What New Information Does This Article Contribute?
These meta-Analysis of Cell-based CaRdiac stUdiEs (ACCRUE) represent the first prospective meta-analysis in this field to be based on individual patient data (IPD), rather than on the aggregated data used in conventional meta-analyses.
These IPD-based meta-analysis of randomized studies found that intracoronary administration of autologous reparative cells had no effect on major adverse cardiac and cerebrovascular events or on left ventricular performance or remodeling.
Our results were not influenced by the timing of cell therapy, by the number of injected cells, or by the baseline cardiac ejection fraction.

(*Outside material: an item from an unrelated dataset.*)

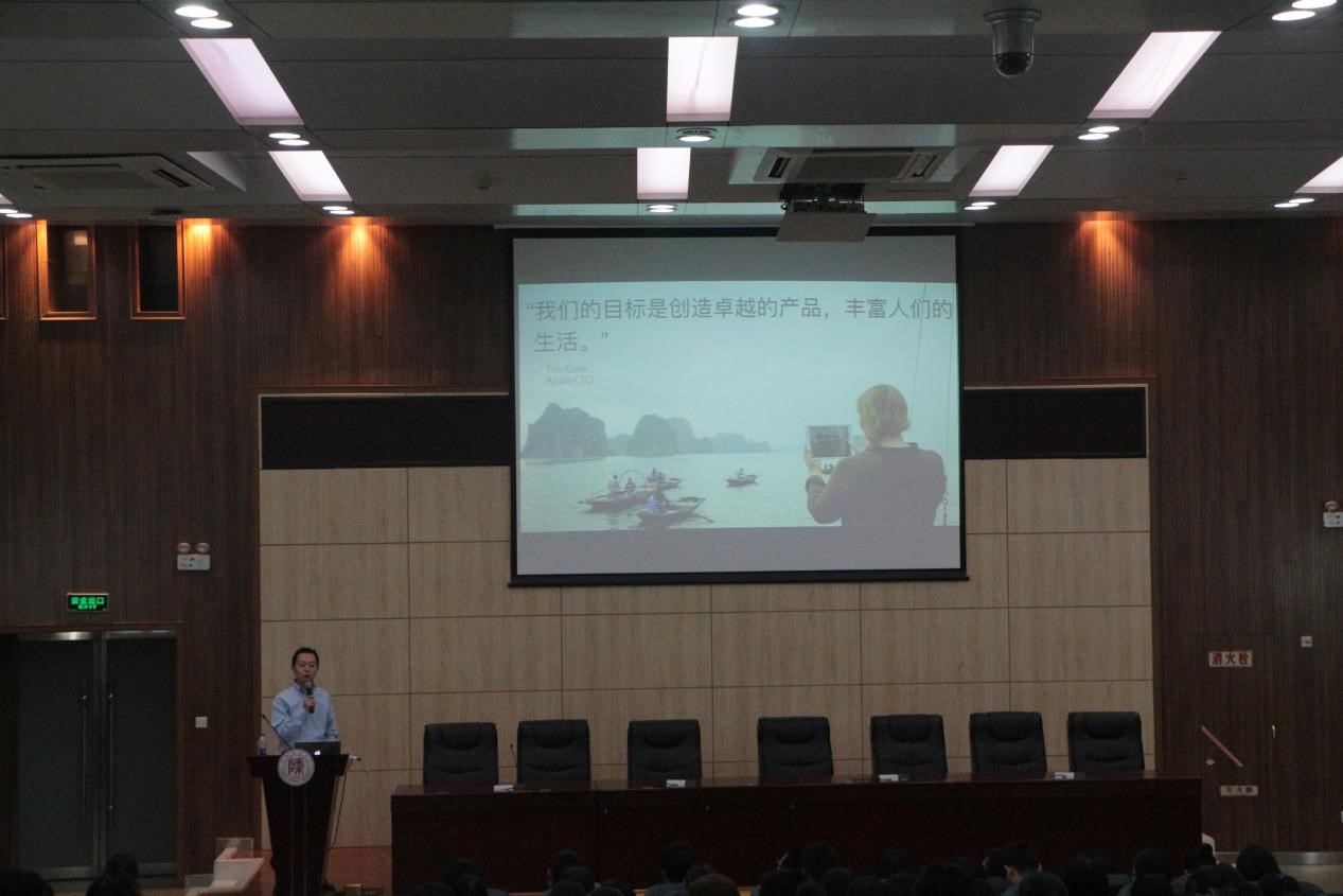 长安校区文澜楼B段一层报告厅举行了苹果专题讲座,讲座由苹果资深讲师孔文达老师主持,主要讲解苹果先进技术及理念。包括肉漫画

This meta-analysis was based on a collaborative, multinational database (ACCRUE) that comprised IPD from randomized and cohort studies. The ACCRUE database was established to facilitate explorations of the clinical safety and efficacy of cell therapy in patients with ischemic heart disease and to identify subgroups of patients predicted to benefit from cell therapy. The ACCRUE database represents the most comprehensive source of evidence available to date. The present prospective study was the first to analyze data in the ACCRUE database on patients with recent acute myocardial infarctions. We included IPD from 12 randomized studies, and found that intracoronary autologous cell administration provided no benefit on overall clinical outcome. Moreover, we found no benefit on left ventricular performance or remodeling. Because the data pool comprised IPD, we could apply prespecified definitions of baseline and outcome parameters that accommodated multiple points of view and represented both clinical and functional end points. We tested the stability of these clinical and quantitative end points in several sensitivity analyses and found consistent results. This approach provided robust and justified conclusions.